The Arts and their Mission by Rudolf Steiner

Six Lectures in Dornach, Two in Olso, 1923

Published by Anthroposophic Press in 1964

Book Notes by Bobby Matherne ©1995

In the Introduction, Virginia Moore says, "Clearly Rudolf Steiner belongs to an age-old stream flowing sometimes aboveground, sometimes below, but never, since the beginning, dry." Never one to be bound to "the aridity of matter-bound thinking"[VM] Steiner is rather the marathon swimmer who swims the length and breadth of this ageless stream, stopping at points along the way to describe the scenery, enticing us to explore the stream ourselves.

At one early stop he shows to us some men who instinctively remember the experiences of their fathers and grandfathers. At another place in the stream we meet men who experience ideas flowing into their minds as water flows into our bodies -- a bounty from the large mass of the earth. (The concept of ideas and thoughts arising within our minds would have to wait for a paradigm hop of consciousness farther down the stream.) At another resting place we observe spirits of the recently deceased finding their way upwards by following the architectural lines of pyramids and spires. At another we see a man whose trunk and limbs in one life transform into his head in the next life. In the stream, we observe everywhere colorful soul-spirits and follow them into their earthly incarnations as they garment themselves in the splendid colors of their being in the spirit world. From our tutelary sessions in the stream with Steiner, we ken the spiritual essence of the various arts: how the entrance of the soul-spirit into the world creates costuming, how the focus on the present time freezes a human body into sculpture, how the exit of soul-spirits from the material world creates the need for architecture, how the soul-events in paintings occur in two-dimensions with color as the third perspective, how the lower earth gods (e. g., Dionysus) appeared as actors on the dramatic stage before man did, how the upper gods (e. g., the Muses) infused man with poetry and song. As we drift in the stream, we hear from the banks, Homer pleading to the gods that their will be done, not his, as he opens the Iliad: "Sing, oh Muse, the wrath of Achilles, son of Peleus." And, lastly, we pause in the stream of today, "when man is in the process of becoming free, daimonic man, that is man under the influence of tutelary spirits, is an anachronism." [RS, italics mine] Looking back over our trip in the stream, we realize that we have seen man evolve in consciousness, from Homer, who required the tutelary advice of his Muse, to Modern Man, who shuns parental injunctions in favor of the complete freedom that only autonomy can bring.

"Once upon a time," or as we may now say it: Many paradigm hops ago, "the daimonic led to tragedy."[RS] Today, in complete autonomy, we can say, "There are no innocent victims"[RJM] -- that each one, partly in consciousness, partly out of consciousness, has complete control over the events of one's life.
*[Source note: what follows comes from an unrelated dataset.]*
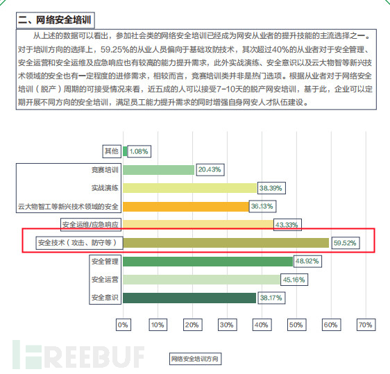 。而在培训方向选择上,59.25%的从业人员偏向于基础攻防技术,也就是网络安全行业里热门的渗透工程师岗位。

Finally we pause in the stream to consider Goethe's triad, "Wisdom, Semblance, and Power." Wisdom, Steiner sees as "formless knowledge," Power as virtue, or "the power to carry out worthwhile things effectively," and Semblance, as art, "the beautiful." I see Goethe's triad as a four-part process that mirrors Don Robinson's Habit Formation steps: 1) Unconscious Incompetence (Power, will, virtue), 2) Conscious Incompetence (Action Semblance -- performance arts), 3) Conscious Competence (Word Semblance -- literary arts), and 4) Unconscious Competence (Wisdom, formless knowledge). In the progression through these four steps humankind makes a paradigm hop and consciousness evolves. The stream is actually a cascade of falls, each one marking a jump in the evolution of consciousness.